The example above uses (classic) beam search. In the course of implementing the library, we realised that the term "beam search" seems to mean different things to different people, and typically you need to look at the code to see what they actually meant. ANNalog implements two variants of beam search. With classic beam search (--method beam), at each token position, all beam_width candidates are expanded simultaneously as a batch, then pruned back to beam_width. This makes it fast but greedy, and it can miss the globally optimal sequence by pruning it too early. With best-first beam search (--method BF-beam), a priority queue is used to always expand the single highest-probability partial sequence first, regardless of length. This is slower and more memory-intensive, but more likely to find the globally best sequences.

As a general rule, modifications tend to occur on the right-hand side of the SMILES string. By rewriting the SMILES string in a particular way, this can be used to direct modifications to a certain part of the molecule; this can be enforced more formally by required the start of the string, the prefix to be fixed (see "--prefix"). Conversely, if you want to spread modifications evenly across the molecule, you may wish to pass in multiple SMILES variants or have the script do this for you (see "--exploration-method variants" and "--variant-number").

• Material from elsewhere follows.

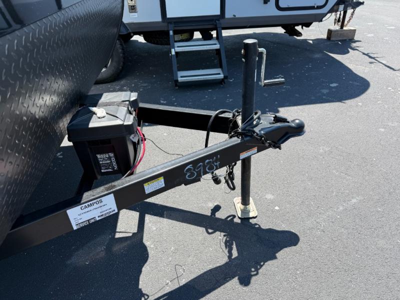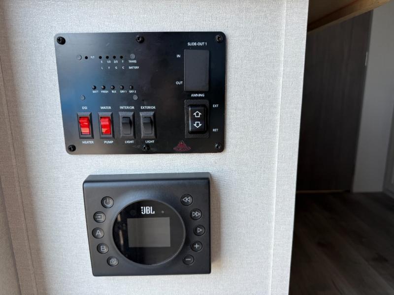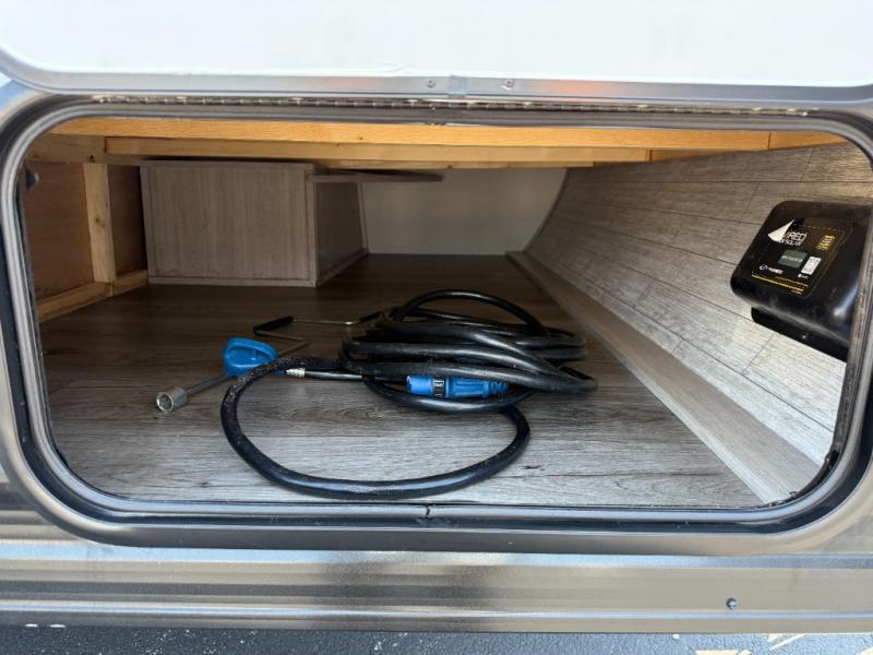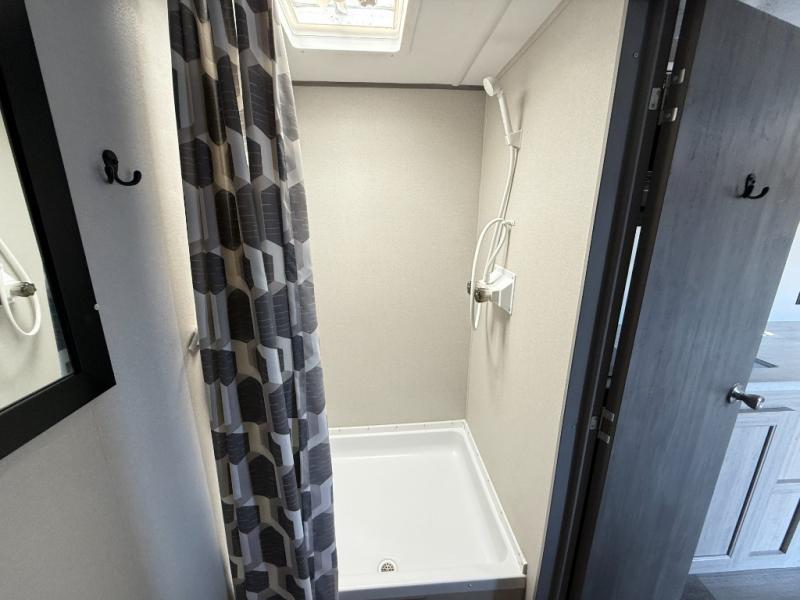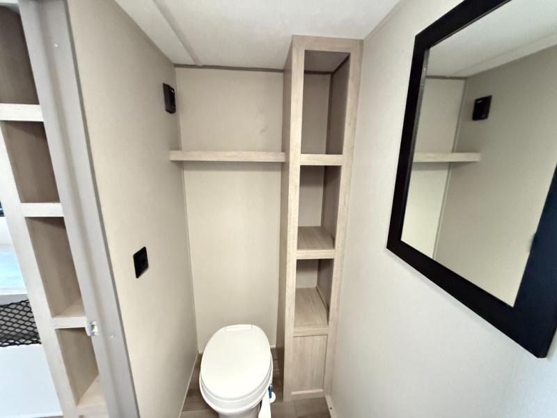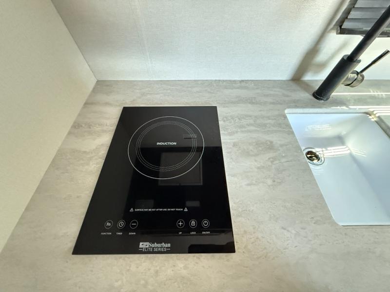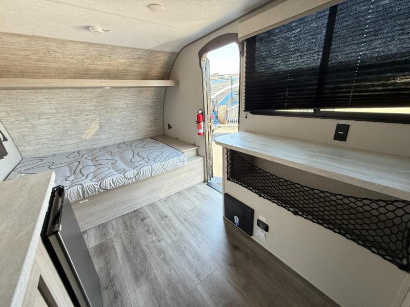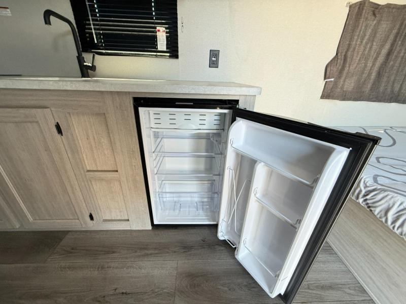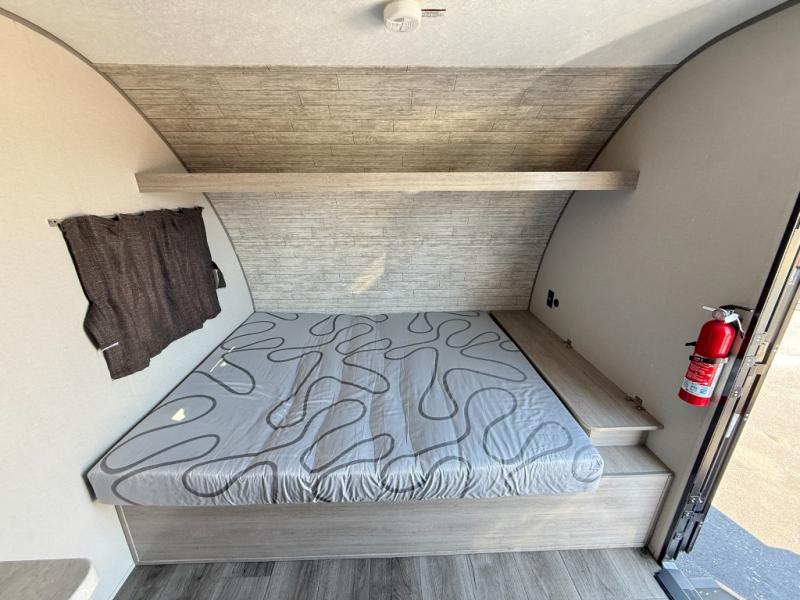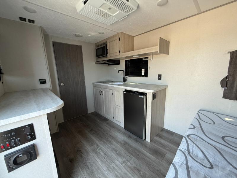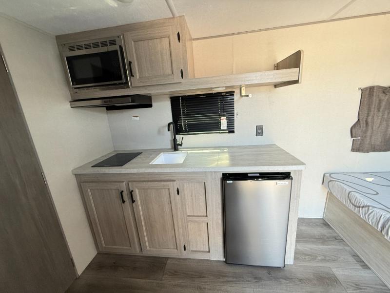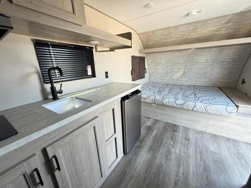 This couple's trailer will be perfect for all your outdoor adventures! There is a 60" x 74" Murphy bed up front with dual nightstands to keep your things tidy, and in the morning, you can fold up the bed to relax on the sofa. The bar top with two stools also includes storage below, plus there is a pantry and overhead storage for even more storage space. A full rear bath includes a 36" x 30" shower, a 12V 14" bath power vent fan, a marine toilet with foot flush, plus a linen closet to keep clean towels close by. This model also includes full kitchen amenities, including a GE two burner cooktop, a GE stainless microwave oven, plus a 3.3 cu. ft. 12V refrigerator to keep food fresh!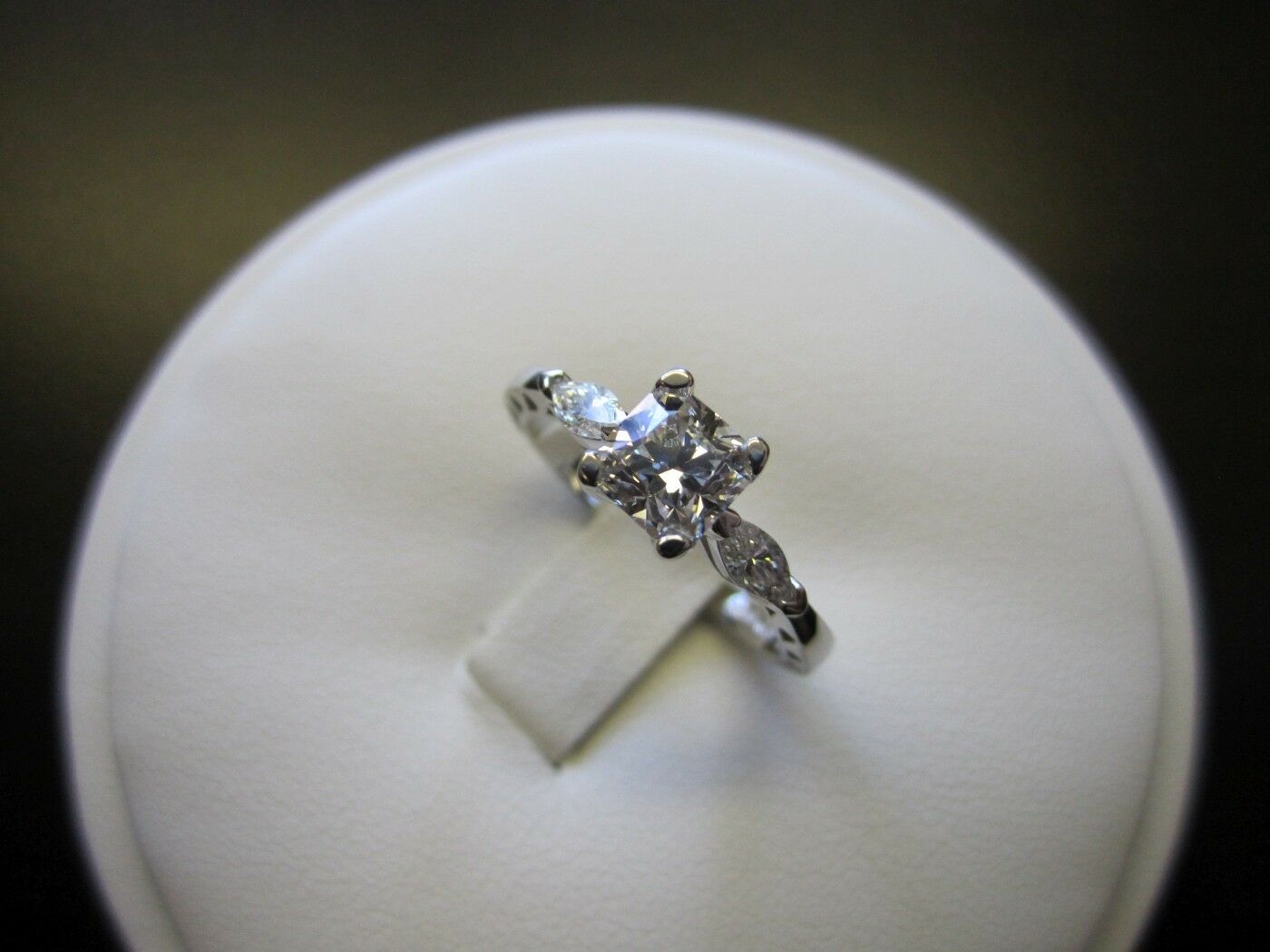 0.5ct Asscher Cut VVS1 D Diamond Solitaire Engagement Ring 14k White Gold Finish

This is shown by the following example that samples from the distribution:

annalog-generate -i "CCCc1nn(C)c2c(=O)[nH]c(-c3cc(S(=O)(=O)N4CCN(C)CC4)ccc3OCC)nc12" -n 10 --method sample --exploration-method variants

When sampling, the default temperature is 1.2. Increasing this too far may not be a good idea as it increases the chance of unlikely tokens being sampled. Instead, if you wish to explore the search space further, it might make sense to reduce the temperature a bit (e.g. 1.1) and feed the output of one run back in again. The "--exploration-method recursive" does this automatically, but if you want to want to combine this with variants the easiest way is to write the output to a file, pull out the generated SMILES, and feed them back in as a file.

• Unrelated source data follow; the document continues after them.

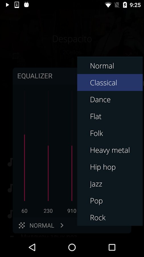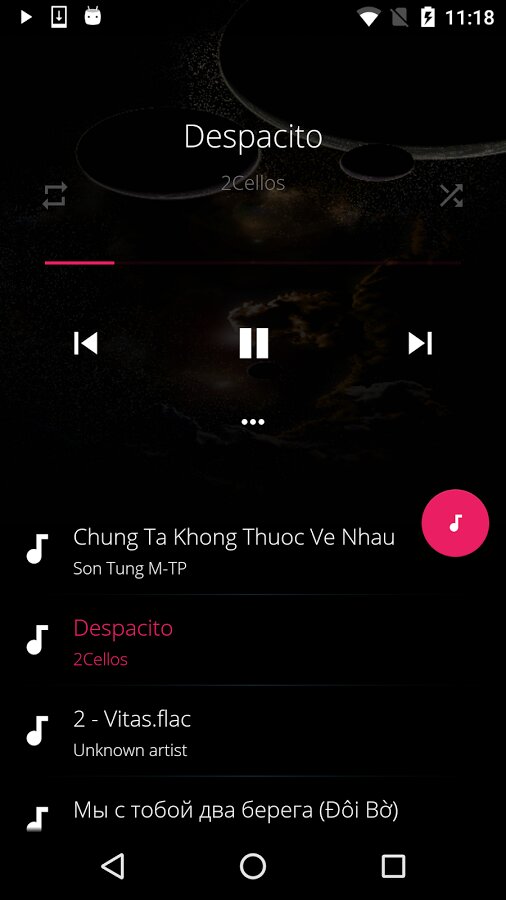 - Воспроизведение песни из папки, плейлиста, исполнителя, альбома или жанра;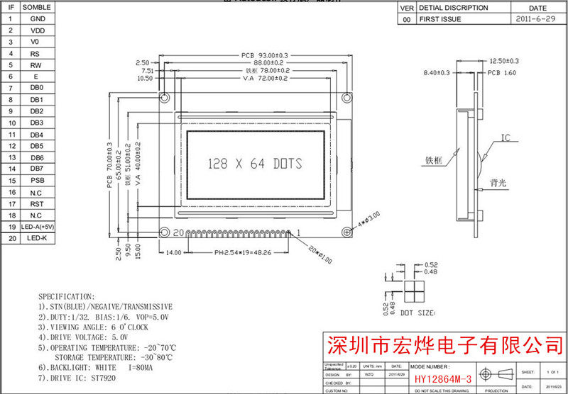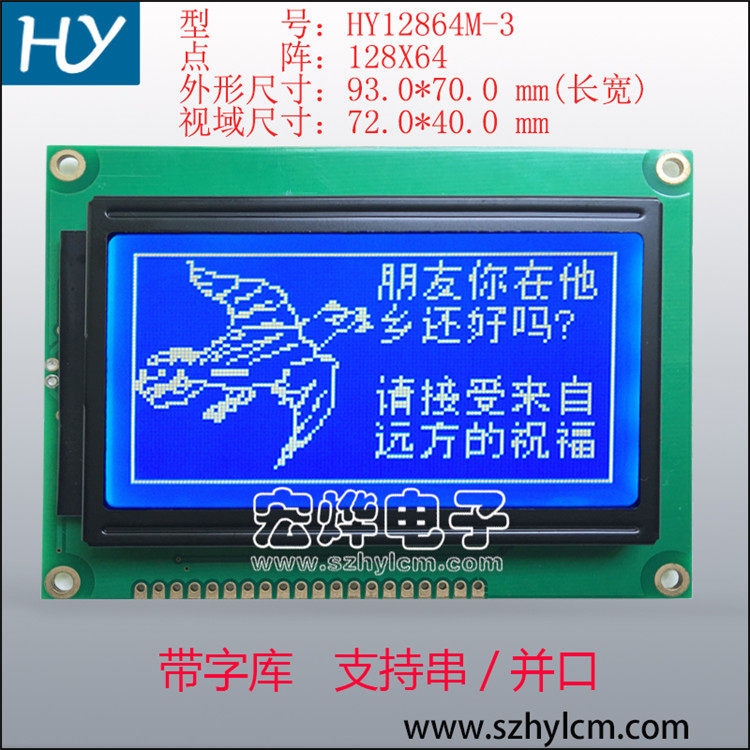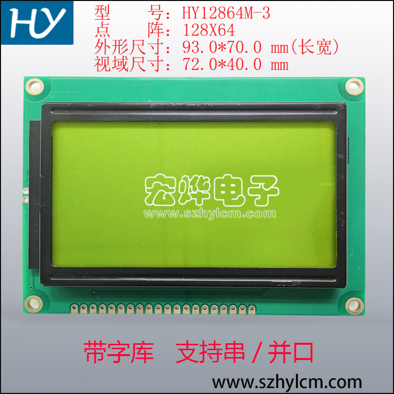 · HY12864M-3[中文字库型液晶显示模块可以显示字母、数字、中文字型及图形,具有绘图及文字画面混合显示功能。可显示128(列)]× [64(行)点阵。可完成图形显示,也可显示8]×[4个(16]×[16点阵)中文汉字。] · [提供三种控制接口:] [8位微处理器接口、4位微处理器接口、串行接口。] · [模块内置2M-位元中文字型ROM] (CGROM) [总共提供8192] [个中文字型(16]×[16点阵),16K-位元半宽字型ROM] (HCGROM) [总共提供126] [个符号字型(16]×[8点阵),64]×[16-位元显示RAM] [(DDRAM),另外绘图显示画面提供一个64]×[256点的绘图区域(GDRAM),可以和文字画面混和显示。] · [提供多功能指令:画面清除(Display] [clear)、光标归位(Return] [home)、显示打开/关闭(Display] [on/off)、光标显示/隐藏(Cursor] [on/off)、显示字符闪烁(Display] character [blink)、光标移位(Cursor] [shift)、显示移位(Display] [shift)、垂直画面卷动(Vertical] line [scroll)、反白显示(reverse] [display)。] [公司生产样貌:]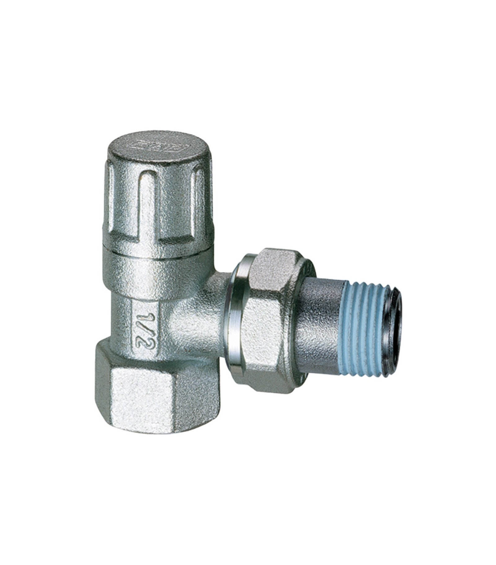 Detentore a squadra cromato. - attacco per tubo ferro. - cappuccio in ottone. - doppio o-ring di tenuta sull'asta. - otturatore a battuta metallica e tenuta con o-ring. - codolo preguarnito con Loctite© Dri-Seal© 5061. Temperatura max d'esercizio 95D.C. Pressione max d'esercizio 10 bar.

By default, invalid SMILES are filtered. This uses the partialsmiles library (which I've previously described here) to avoid selecting tokens during the generation process that would result in semantically or syntactically invalid SMILES. Obviously, if the model had the ability to perfectly understand SMILES, this would not be necessary but at least this approach is more efficient than filtering after-the-fact. You can turn off this filter if you wish ("--keep-invalid") to see how much the results change.

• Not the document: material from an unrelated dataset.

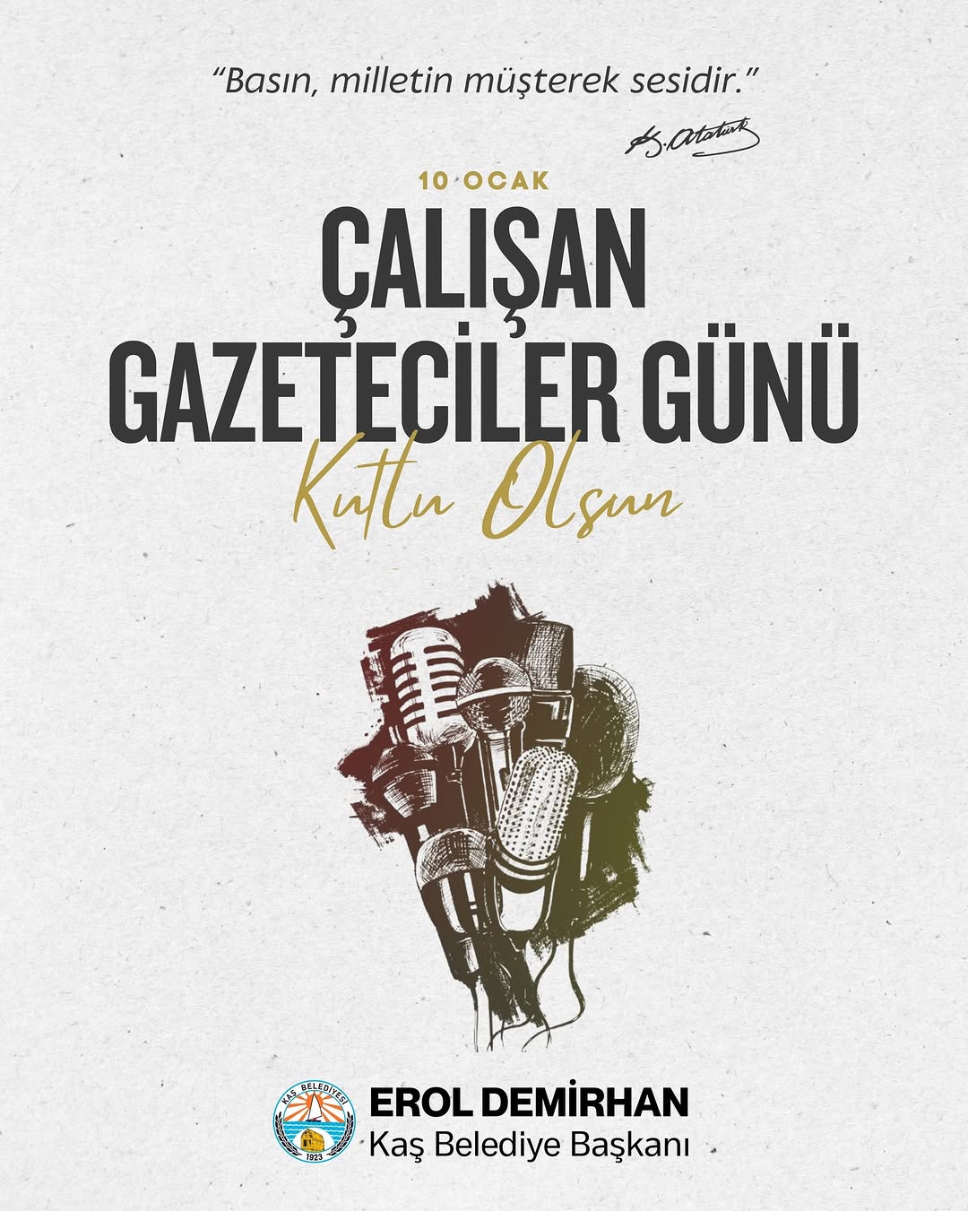 Antalya'nın Kaş Belediyesi, 10 Ocak Çalışan Gazeteciler Günü dolayısıyla bir mesaj yayımladı. Belediye adına yapılan açıklamada, basın sektöründe görev yapan tüm çalışanların günü kutlandı.

Similarly, not every molecule generated is gold - there's a certain (I would say low) percentage of dubious structures generated. Structures are checked automatically by default using Eloy Félix's chembl_gen_check to run a set of tests against the generated structures (including code adapted from Wim Dehaen's LACAN). Depending on your starting structure and use case, you wish to use these as hard filters or to rank prior to visual inspection.

We have tried to make sure that this tool is of practical use in a drug discovery setting. Let us know how you get on.